El código de la ciudad actual no está hecho para solucionar ninguno de los problemas que tenemos como sociedad. Su objetivo por encima de todo es la saturación, el control y el poder. El vacío, por el contrario, se escapa a cualquier tipo de certidumbre, dada su condición oscura e ignota. No debemos perder este enfoque a la hora de hablar de él, entendiéndolo como un estado latente en que todas las probabilidades se acumulan precisamente por la inexistencia de certezas. El arquitecto holandés Rem Koolhaas diría que“donde no hay nada todo es posible, donde hay arquitectura ninguna otra cosa puede ocurrir”. Habrá que empezar a buscar agujeros y huecos por los que escapar, plantear la incertidumbre como motor de cambio.
La renuncia al control y la inmersión en la esfera de la espontaneidad y de la imprevisibilidad es algo que, sin embargo, la arquitectura y el urbanismo tratan de evitar a toda costa en favor del planeamiento y del control. De acuerdo al arquitecto francés Leopold Lambert, “los arquitectos y urbanistas establecen planes que son la expresión directa del control trascendente que buscan ejercer sobre la materia y sobre los usuarios”. En sus diseños no cabe una dosis de imprevisión.
En este sentido, es interesante notar cómo ambas disciplinas, en palabras de Gilles Deleuze y de Félix Guattari, se encuentran más estrechamente ligadas a los esquemas estriados y limitadores del Estado que a las dinámicas alisadoras de la Máquina de Guerra, en lucha por un espacio “liso”, abierto y sin límites fijos. De un lado, la máquina estatal de control y captura. De otro, una máquina de deslocalización y confabulación. Se trata de reflexionar a cuál nos subimos.

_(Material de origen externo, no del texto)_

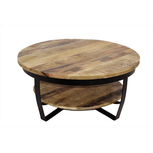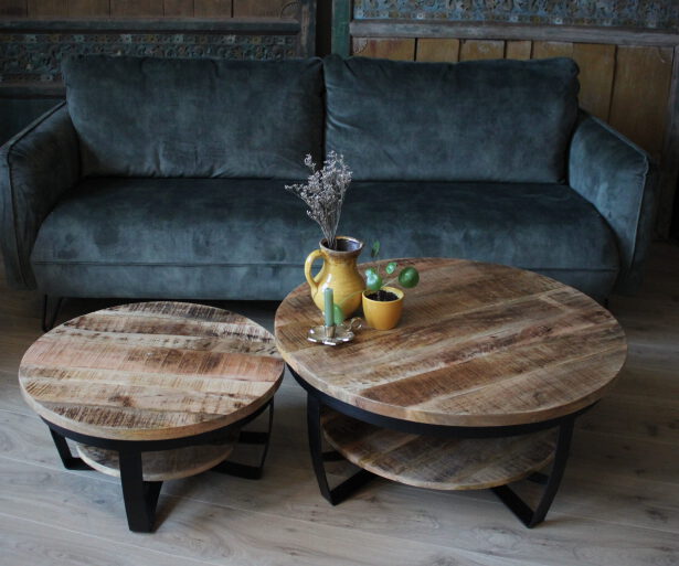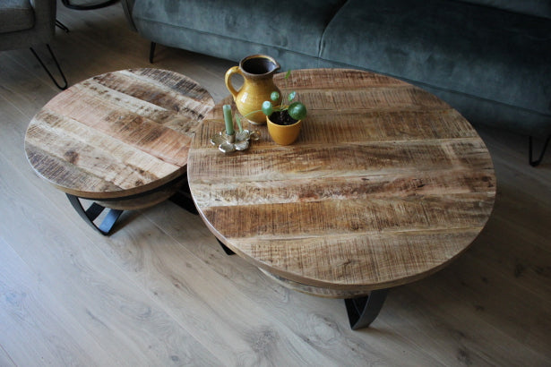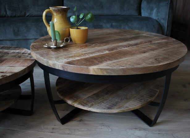Salontafel industrieel rond van massief mangohout ✓ Type tafel: Salontafel ✓ Vorm tafelblad: Rond ✓ Materiaal tafelblad: Mangohout ✓ Kleur tafelblad: Bruin ✓ Afwerking tafelblad: Gelakt ✓ Dikte tafelblad: 4cm ✓ Type onderstel: U-Poten ✓ Materiaal onderstel: Metaal ✓ Kleur onderstel: Zwart ✓ Dia x Hoogte: 90x42cm ✓ Merk: Old Inn Wonen ✓ Leveromvang: Een tafel zonder decoratie.

Frente a la certeza de que existe un plan para todo, frente a la idea de un acabamiento total, hay quien empieza a apostar por lo inacabado y lo desorganizado. “La promesa de la desorganización está por descubrir y es un continente a explorar”, afirma el sociólogo español Antonio Lafuente. Desorganizar significa sin duda desburocratizar, descentralizar o desjerarquizar, en fin, destejer lo tejido. Pero implica ante todo adentrarse en ese enorme porcentaje de red vacía, hueca, ambigua, inacabada, cargada de energía oscura y latente, donde se permiten acabamientos distintos e incluso antagónicos; ese espacio virtual de potencialidad pura que nos haga olvidar la certidumbre de poder vivir un mundo totalmente dibujado.